MANCHESTER – The rough has been cut to half the length used during the recent Maine Open, but the Augusta Country Club course still will present many challenges for the 90 golfers teeing off this morning for the Maine Women’s Amateur.
There are seven or eight contenders, including defending champ Emily Bouchard of Saco.
“I just had a practice round,” Bouchard, 22, said Sunday. “I like it. It’s a lot like my home course at Biddeford-Saco. The greens have a lot of undulations.”
Bouchard, who has the low handicap index (2.5) in the field, was to tee off in the first group with Leslie Genthner of Norway and a former schoolgirl champion, Whitney Hand (3.0) of Bucksport, but Hand withdrew due to a recent auto accident.
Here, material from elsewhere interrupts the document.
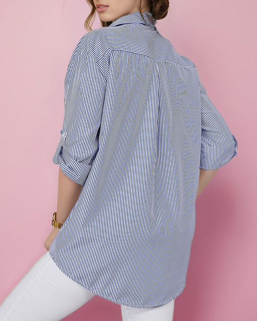 - Сенсационная женская рубашка в полоску с длинными рукавами. Модель с отложным воротником, застегивается на пуговицы. Обязательно должна быть в шкафу каждой женщины!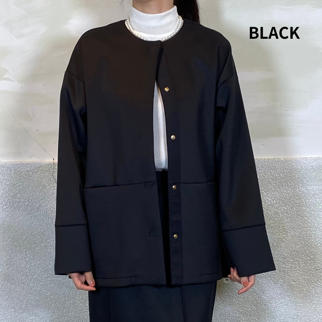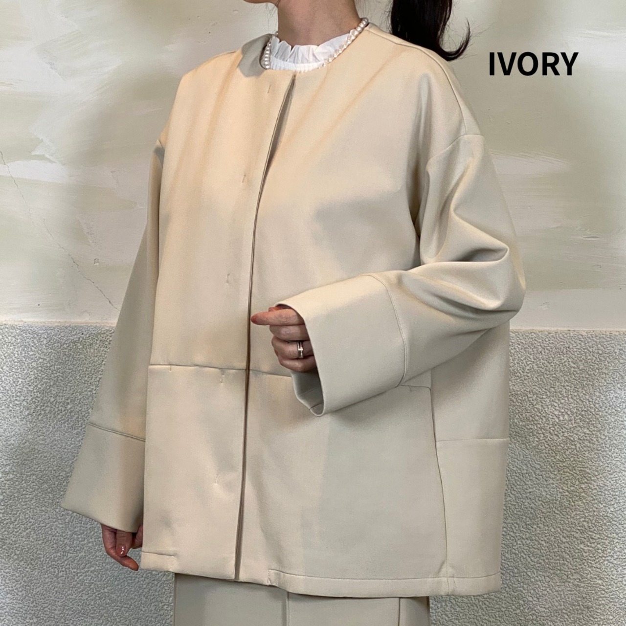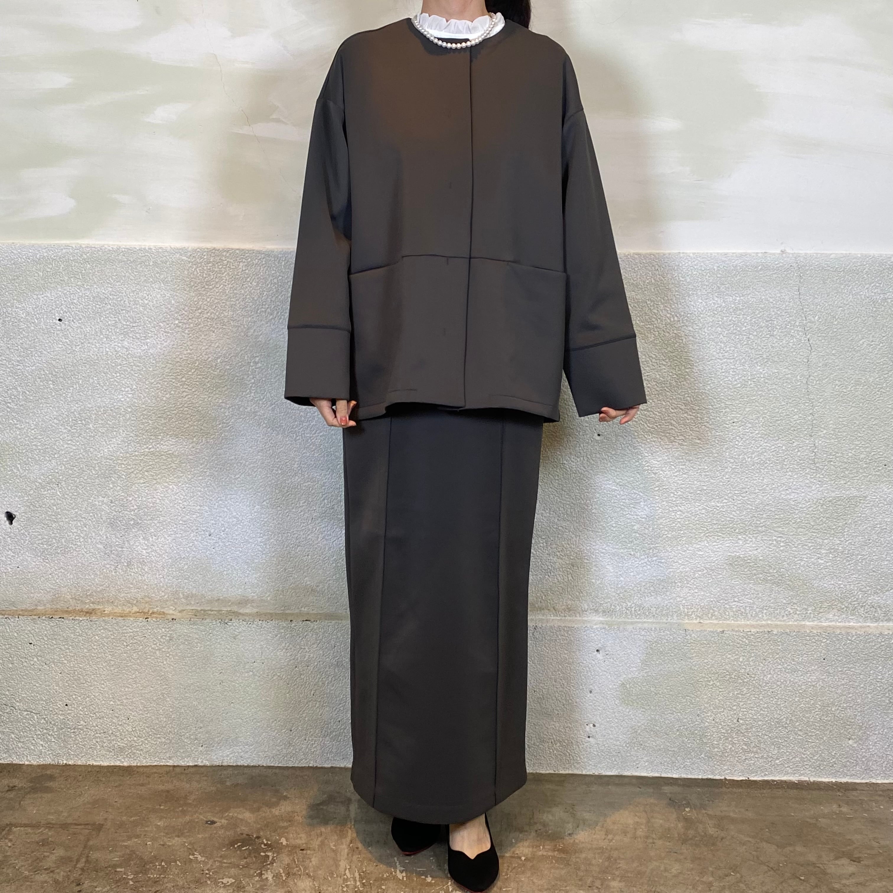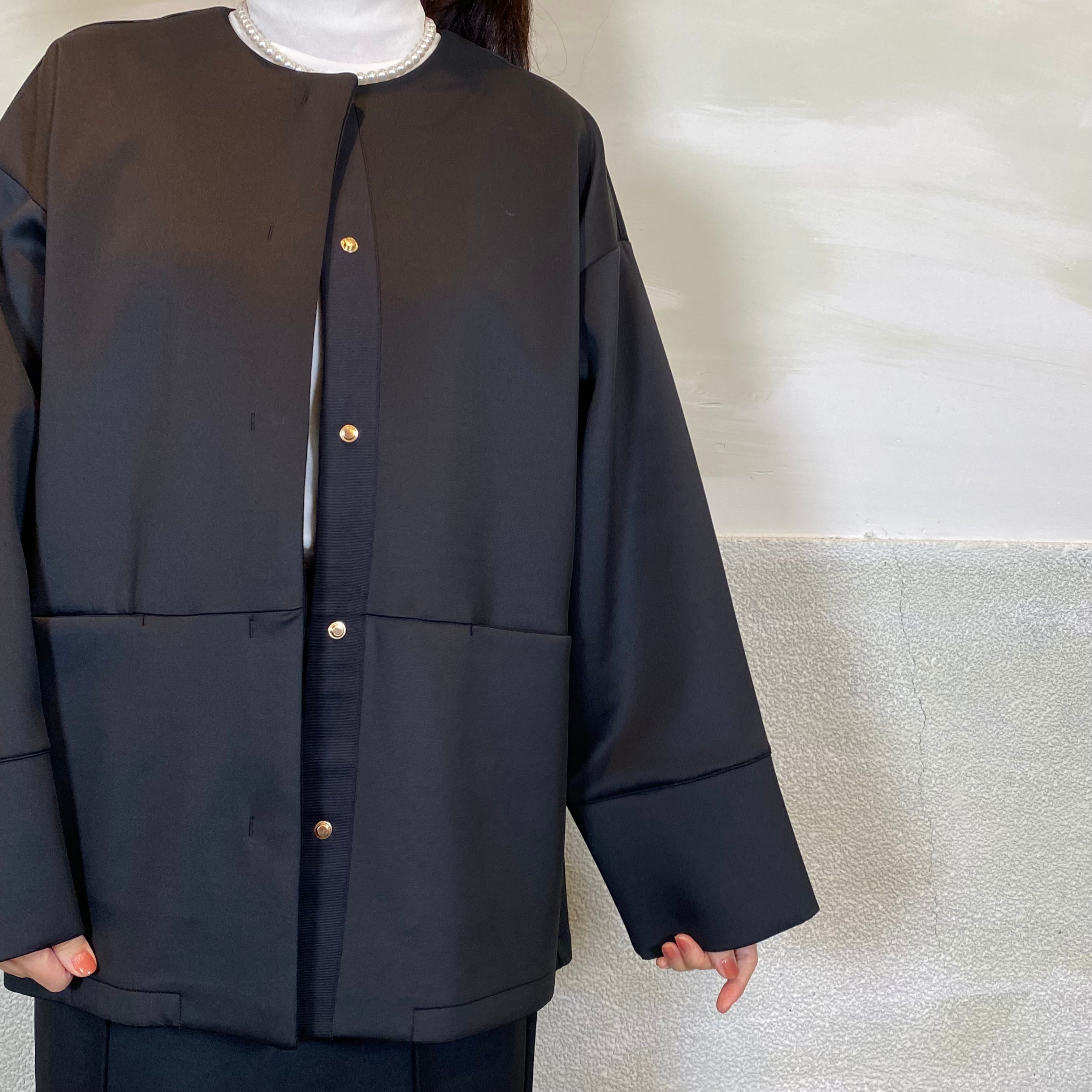 後身頃はタックデザインで、立体的なコクーンシルエットがポイントです。ゆとりのあるサイジングで、重ね着してもごわつかず着心地も◎

“We were definitely each other’s competition in high school,” Bouchard said of Hand.
Other past winners in the field include Kristen Kannegieser of Martindale, who won in 2007 and 2010, and a six-time winner, Pennie Cummings of Springbrook, who won in 2006 at age 62.
“Her age doesn’t mean anything,” Bouchard said.
The greens are fairly quick and well guarded.
“It can cost you a lot of strokes if you get in those bunkers,” said Linda Cameron, a club member and tournament participant.
The key to a successful round, Cameron said, is “staying up the middle as much as you can and being able to putt.”
Bouchard was the low Maine golfer at the New England Amateur at Natanis but wasn’t pleased, particularly with her putting.
“I lost confidence that week,” she said.
Bouchard regained some with Sunday’s practice round.
“I played well and I’m hitting the ball great,” she said. “My putting’s come back.”
The second group teeing off this morning includes Cummings (4.0), Kannegieser (5.5) and Margaret Brann of Brunswick (5.5). They be followed by Penosbcot Valley’s Alice Hwang (6.1), a 16-year-old who was low junior in the New England Amateur, with Laurie Hyndman (6.8) and Kathi O’Grady (7.4).
“I think anyone in those first three groups could probably win it,” Bouchard said.
The 54-hole, stroke-play tournament is the first since the Women’s Maine State Golf Association and Southern Maine Women’s Golf Association decided to combine for one ttle. The SMWGA held its own tourney since 1977. The WSMGA title generally was accepted as the overall championship since the organization formed in 1922.